If one thinks about it the outboard hangs off the transom of go fast boats doing over 100mph and they slam back down so I think that's the best way to trailer with engine down .Just my 2 cents worth and this is what El and Bill have been doing for years with thousands of miles under their belt .
 
I actually broke my motor toter (trailer support bracket) coming back from striper fishing just the other day. I hit a very rough stretch of road going into one of the tunnels on the Chesapeake Bay Bridge tunnel. The square tube snapped right in half. I think that thing is just thin aluminum. I do plan to replace it though just for insurance when trailering.
 
retnavy":bbqrwjg5 said:
I actually broke my motor toter (trailer support bracket) coming back from striper fishing just the other day.
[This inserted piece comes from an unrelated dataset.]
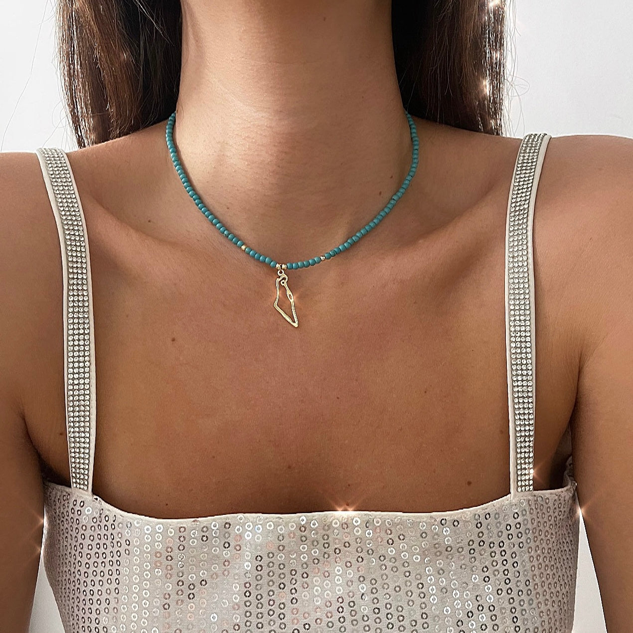 שרשרת חרוזים טורקיז מפה חלולה זהב
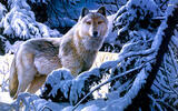 «Белый волк в снежном лесу среди елей»

I hit a very rough stretch of road going into one of the tunnels on the Chesapeake Bay Bridge tunnel. The square tube snapped right in half. I think that thing is just thin aluminum. I do plan to replace it though just for insurance when trailering.

retnavy-

Just use the old one. Cut off the ends with their fittings, and insert a STEEL box channel with thick walls, down inside the old aluminum one, then rivet the whole thing together with a ton of steel rivets.

The resulting aluminum/steel masterpiece will theoretically be a corrosion factory, but it's not under water, and can be rinsed with fresh water frequently.

You can use Zinc Chromate Paste on all the holes and rivets, just like we do on aluminum sailboat masts when attaching stainless steel fittings. This helps eliminate corrosion at the contact points.

Get the paste at a marine/sailboat store or on line. Also, paint the cuts in the steel box channel, of course.

Even if you buy a new strut, reinforcing it internally or externally would be a good idea. Externally, an oversize aluminum box channel could be used after removing and then reinstalling the end fittings.

Just another 2-cent idea!

Joe. :teeth :thup
 
I had actually thought about running up to the home depot and doing exactly what you suggest. I could use up one of the many gift cards I got for X-mas.
 
Main up, kicker in the back of the truck.

Coming home from Bellingham, passing through Los Angeles, towing the boat, we encountered/passed an accident caused by a hole on the freeway, where a piece of pavement had detached itself. Tore the front end right off the car, which slid to a stop, taking out several other cars. An Interstate (205) by the way, showing that your gas taxes don't go for repair.

Luckily that hasn't happened to us, but having a motor hanging off the rear of the boat is to be avoided. I can lift the kicker (rather we can,) but not the main motor. Luck beats skill.

Boris
 
I have a pair of 150 Hondas, and I had always haul with them up going to Alaska until the locks wore into the mounting brackets pretty bad, I run across a Honda Rep and he advised me that Honda recommends hauling with engines down, and that the lock was not design for running down the road supporting the engines, and he said if need be the boat should be raise on the trailer if you have a clearance problem.
 
raising the boat on my trailer would not be a good idea because it would make it so I had to back further down boat ramps. Some of the ramps I like to use are pretty short and I would hate to go off the end of them.